What I did like was how hard it was for Alyrra to pick up the Menaiyan language. She calls herself Lady Thoreena, but ends up being Thorn because the Menaiyans mispronounce her name. Thorn doesn’t spend a week and can hold conversations about politics. She starts out just like anybody, by learning how to say hello, how to count, how to ask for the most basic things. Especially fantasy novels tend to forget that different languages even exist, and when they do, they usually find a convenient reason for our heroine to learn it within hours or days. Thorn has to clumsily make herself understood, using hands and facial expression as much as her limited vocabulary.
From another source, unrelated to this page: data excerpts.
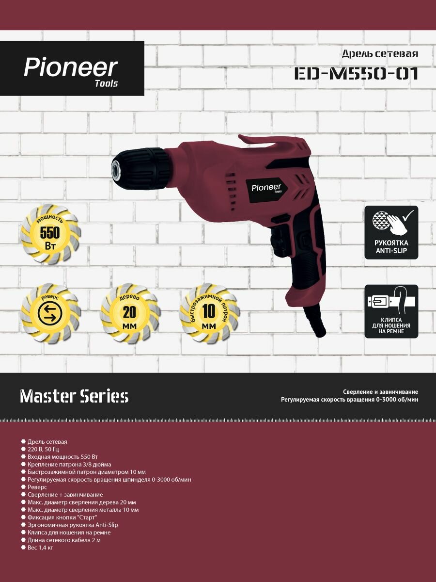 Купить Электродрель Pioneer ED-M550-01 с реверсом, регулируемая скорость до 3000 оборотов в минуту, быстрозажимной патрон, рукоятка Anti-Slip, 550 Вт
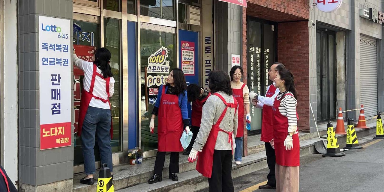 올해도 주일 2부 예배 후 교회 앞마당에 모인 성락성결교회 교인들은 빨간색 앞치마를 두른 채 거리청소와 더불어 꽃길을 조성하고 가게 200여 곳에 화분을 전달했다. 또 가게 유리창을 닦아주는 등 주민들을 위해 정성껏 봉사했다
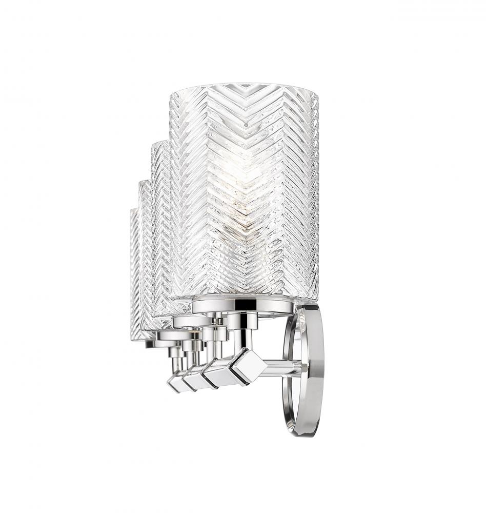 Wonderfully stylish in its design, yet timeless and sophisticated in its appeal. The Dover Street series features a hand-blown herring bone pattern glass suspended by a rhombus shaped bar featuring design cuff details. Available in polished nickel or brush
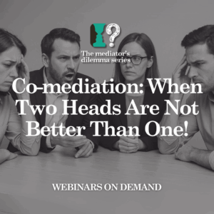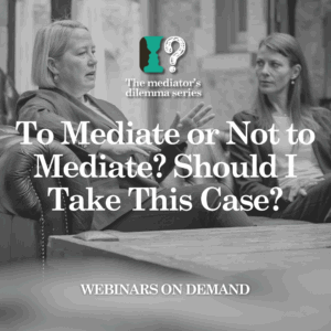 Not every mediation is a good fit—and sometimes the hardest decision is whether to say yes in the first place. In this next instalment of The Mediator’s Dilemma, we’ll explore real-world scenarios where mediators face tough calls before the process even begins. What do you do when you know one party socially? When there’s a serious power imbalance? When the dispute raises ethical concerns, or touches on your own values?
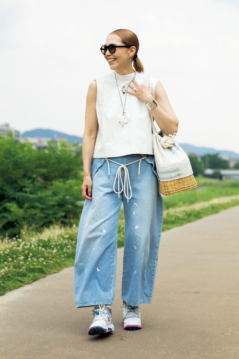 個性的な「メゾン マルタンマルジェラ」のラップデニムに、白トップスをさらりと合わせて。シルバーアクセの重ねづけもお手本にしたい、ナチュラルとモードの合わせ技。
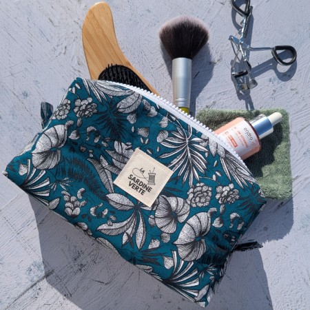 La trousse Feuillage vert mesure 21 cm de long, 11,5 cm de haut et 6 cm de large. Son format généreux permet d’y glisser :

This makes it not only more realistic but also helps to show the readers how scary Thorn’s new life really is. Magic threats and hiding who you really are is one thing, but learning a new job, a new language, picking up a new culture is something entirely different. Thorn has a lot on her plate and her growth is a pleasure to watch.
Thorn’s romance with the prince was mostly absent and built on mystery and mistrust rather than conversations and friendship. It wasn’t a tender thing slow to grow but rather one of suspicious glances, careful probing how far each one could go, and small infrequent gestures of kindness. The end felt a little to convenient and predictable to me. I do like that Alyrra had to save Prince Kestrin’s life, but that part came out of practically nowhere and could have used some build-up. Foreshadowing is a wonderful thing, when done right. In Thorn, it wasn’t done at all, it just whacks you over the head with a hammer.
However, despite my misgivings, this was a competent novel, especially since it was self-published. By that I don’t mean that self-published authors are generally bad writers but that it is obvious whether somebody just published their first draft or carefully went over it, got feedback from others, had someone proofread the book, and so on. Intisar Khanani clearly put in the effort to make what she published something she could be proud of. And in my opinion, she really can.